Older professional workers are only becoming aware of this when their kids join the labour market, says Simms, and some of them can be stunned by what is required: "Being rung at 6 o'clock at night to turn up at 6.30.
"It doesn't take much to look like a really good employer. If you're getting four-week advance notice of shifts, that looks like gold standard.
"Employers consult and engage, but the structure of capital is strongly against that, if your employer is owned by a large corporate or private equity, or you've got plants incentivised to compete with each other."
Where unions are highly regulated by laws introduced in the past 40 years, employment law is far less regulated, says the employment expert: "The boss just has more power."
Economic transformation
She is in favour of a shift to a system familiar to Germans, in which sectoral pay deals take their lead from one employer or plant, and negotiate on the differing conditions and profitability in other cases.
But while there isn't the negotiating structure, or any legal enforcement, that seems unlikely under a Conservative administration at Westminster. Labour is looking at it, however, and the STUC can be expected to add momentum to the idea during this week.
Scottish Labour leader Anas Sarwar speaks to the STUC conference on Tuesday.
It will hear from Nicola Sturgeon today. In recent years, that relationship with St Andrew's House has worked well.

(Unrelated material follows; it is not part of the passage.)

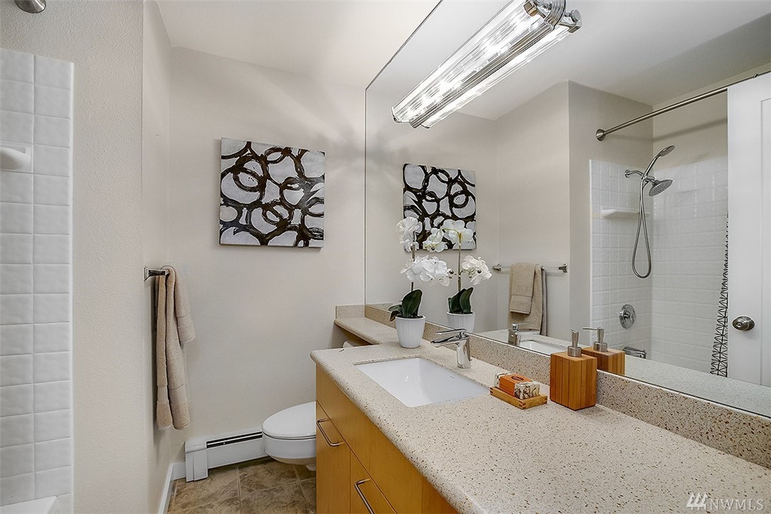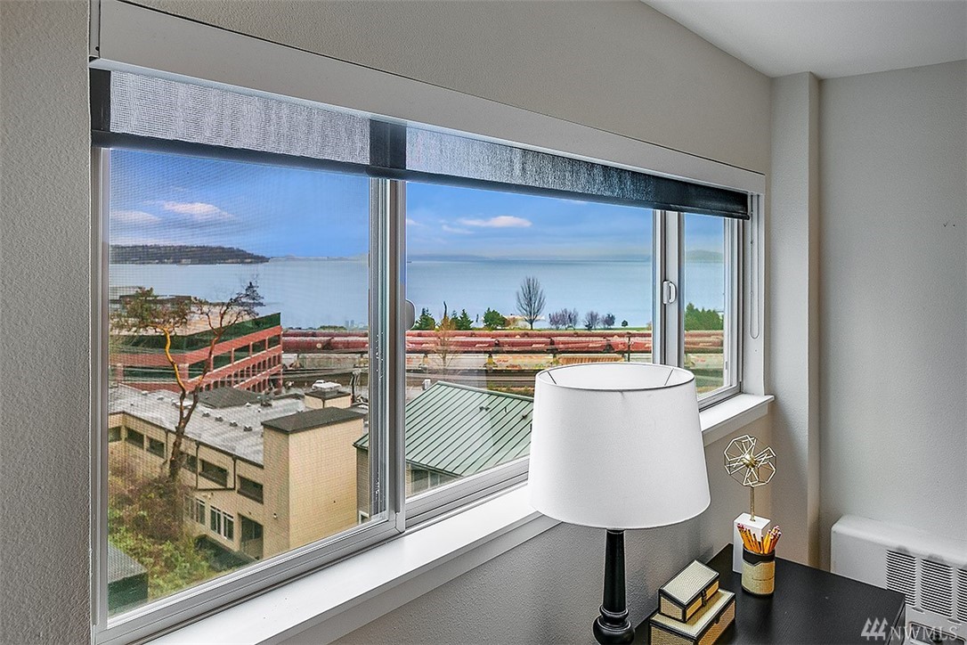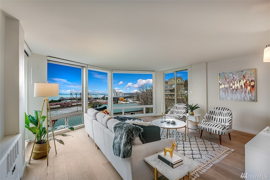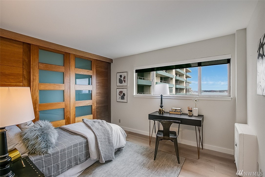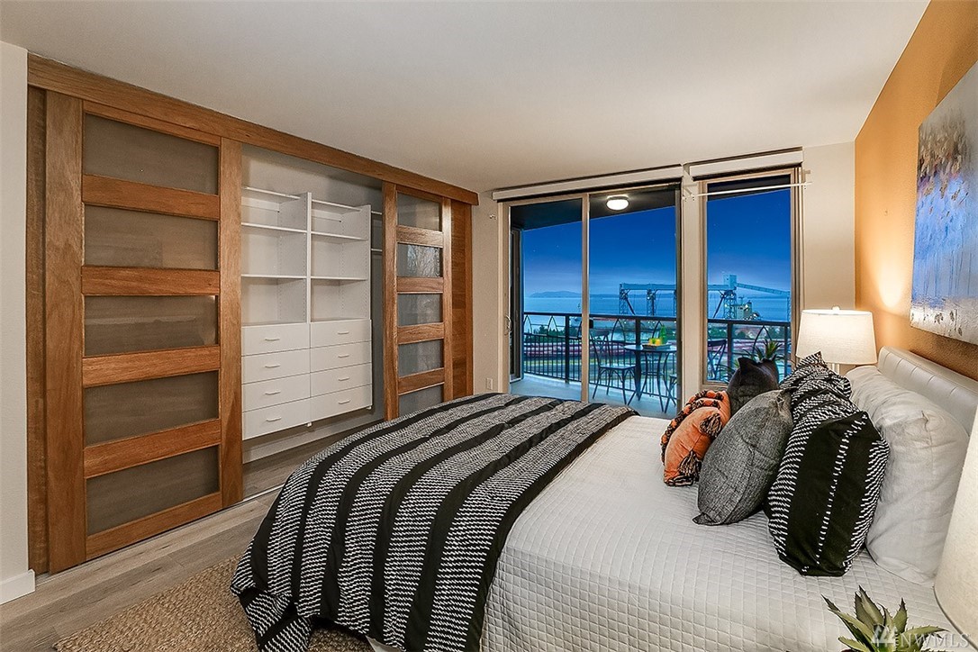 Style, space & stunning Sound views from this light-filled remodeled Queen Anne flat. Amazing private deck, beautiful wide-plank floors and mod kitchen featuring glossy cabinetry, stainless appl & quartz counters. The cool mid-century vibe is carried into the master & guest suites with custom-crafted wood & glass closet doors. Imagine relaxing sunsets as ships sail in and out of the bay. Quiet pet-friendly bldg w/exercise rm & underground prkg. Near Expedia, SLU, Seattle Ctr, shops & nightlife.

Less so now.
The organisation's general secretary, Roz Foyers, played a part in drawing up the Scottish government's new "strategy for economic transformation", but attacked it as it was published for failing to take a more radical approach to changing the way the labour market works.
From running railways, shaping the National Care Service to health service pressures, plus levels of funding for local council social work and teacher pay, When trade unions and the Scottish government meet, they have a full and increasingly difficult agenda.